◆ Problem description:
Find "Сифон для раковины" and "The synthesis of" in the records below. Copy the lines holding them and every line between, exactly, and no others.

◆ The records:
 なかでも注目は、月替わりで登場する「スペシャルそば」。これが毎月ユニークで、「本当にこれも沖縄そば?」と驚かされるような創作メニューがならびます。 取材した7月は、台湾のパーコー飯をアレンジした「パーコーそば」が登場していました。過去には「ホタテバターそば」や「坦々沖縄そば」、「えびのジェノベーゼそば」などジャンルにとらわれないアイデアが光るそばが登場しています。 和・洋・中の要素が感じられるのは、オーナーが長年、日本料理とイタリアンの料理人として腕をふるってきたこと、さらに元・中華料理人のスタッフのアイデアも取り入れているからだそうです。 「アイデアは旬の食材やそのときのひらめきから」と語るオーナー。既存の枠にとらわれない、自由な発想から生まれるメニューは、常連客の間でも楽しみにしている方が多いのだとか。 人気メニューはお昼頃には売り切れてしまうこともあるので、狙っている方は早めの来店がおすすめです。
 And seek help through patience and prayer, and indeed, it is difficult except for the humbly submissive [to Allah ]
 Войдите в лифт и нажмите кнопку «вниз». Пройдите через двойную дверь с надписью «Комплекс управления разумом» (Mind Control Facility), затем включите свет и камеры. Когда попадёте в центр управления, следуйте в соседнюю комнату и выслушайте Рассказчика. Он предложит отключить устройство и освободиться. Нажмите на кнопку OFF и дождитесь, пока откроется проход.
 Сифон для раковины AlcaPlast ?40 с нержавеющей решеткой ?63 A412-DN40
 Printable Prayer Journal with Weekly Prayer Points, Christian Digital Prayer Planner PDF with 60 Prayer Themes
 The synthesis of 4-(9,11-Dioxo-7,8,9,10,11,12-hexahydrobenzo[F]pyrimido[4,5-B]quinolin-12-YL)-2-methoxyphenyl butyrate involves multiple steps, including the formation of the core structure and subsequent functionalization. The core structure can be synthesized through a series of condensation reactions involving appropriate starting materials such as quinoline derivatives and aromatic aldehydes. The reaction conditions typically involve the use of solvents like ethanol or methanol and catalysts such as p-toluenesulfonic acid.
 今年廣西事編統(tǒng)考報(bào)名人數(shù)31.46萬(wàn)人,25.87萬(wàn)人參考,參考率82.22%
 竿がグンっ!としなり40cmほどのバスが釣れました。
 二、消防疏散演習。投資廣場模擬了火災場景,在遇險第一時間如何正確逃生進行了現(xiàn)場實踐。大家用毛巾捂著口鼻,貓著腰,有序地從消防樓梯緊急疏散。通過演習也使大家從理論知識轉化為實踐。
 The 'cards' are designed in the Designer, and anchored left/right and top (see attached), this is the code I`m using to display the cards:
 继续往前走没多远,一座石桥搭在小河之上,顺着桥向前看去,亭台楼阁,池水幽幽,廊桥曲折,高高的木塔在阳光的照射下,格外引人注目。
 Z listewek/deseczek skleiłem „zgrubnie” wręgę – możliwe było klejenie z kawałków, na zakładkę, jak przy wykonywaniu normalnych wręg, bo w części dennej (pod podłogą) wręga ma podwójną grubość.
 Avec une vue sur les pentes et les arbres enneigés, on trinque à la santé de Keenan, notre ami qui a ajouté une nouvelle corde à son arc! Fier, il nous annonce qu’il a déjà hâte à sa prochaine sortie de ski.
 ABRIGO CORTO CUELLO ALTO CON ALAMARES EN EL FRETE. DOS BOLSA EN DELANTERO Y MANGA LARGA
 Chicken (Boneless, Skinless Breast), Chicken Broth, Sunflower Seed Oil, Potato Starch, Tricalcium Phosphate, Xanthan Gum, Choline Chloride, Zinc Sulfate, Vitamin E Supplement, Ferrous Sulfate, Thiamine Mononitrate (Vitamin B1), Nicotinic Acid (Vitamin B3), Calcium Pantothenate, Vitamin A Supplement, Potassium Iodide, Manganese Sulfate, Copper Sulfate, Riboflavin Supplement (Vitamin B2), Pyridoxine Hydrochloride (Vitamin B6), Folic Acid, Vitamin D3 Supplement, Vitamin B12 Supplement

◆ Response for this exercise:
 Сифон для раковины AlcaPlast ?40 с нержавеющей решеткой ?63 A412-DN40
 Printable Prayer Journal with Weekly Prayer Points, Christian Digital Prayer Planner PDF with 60 Prayer Themes
 The synthesis of 4-(9,11-Dioxo-7,8,9,10,11,12-hexahydrobenzo[F]pyrimido[4,5-B]quinolin-12-YL)-2-methoxyphenyl butyrate involves multiple steps, including the formation of the core structure and subsequent functionalization. The core structure can be synthesized through a series of condensation reactions involving appropriate starting materials such as quinoline derivatives and aromatic aldehydes. The reaction conditions typically involve the use of solvents like ethanol or methanol and catalysts such as p-toluenesulfonic acid.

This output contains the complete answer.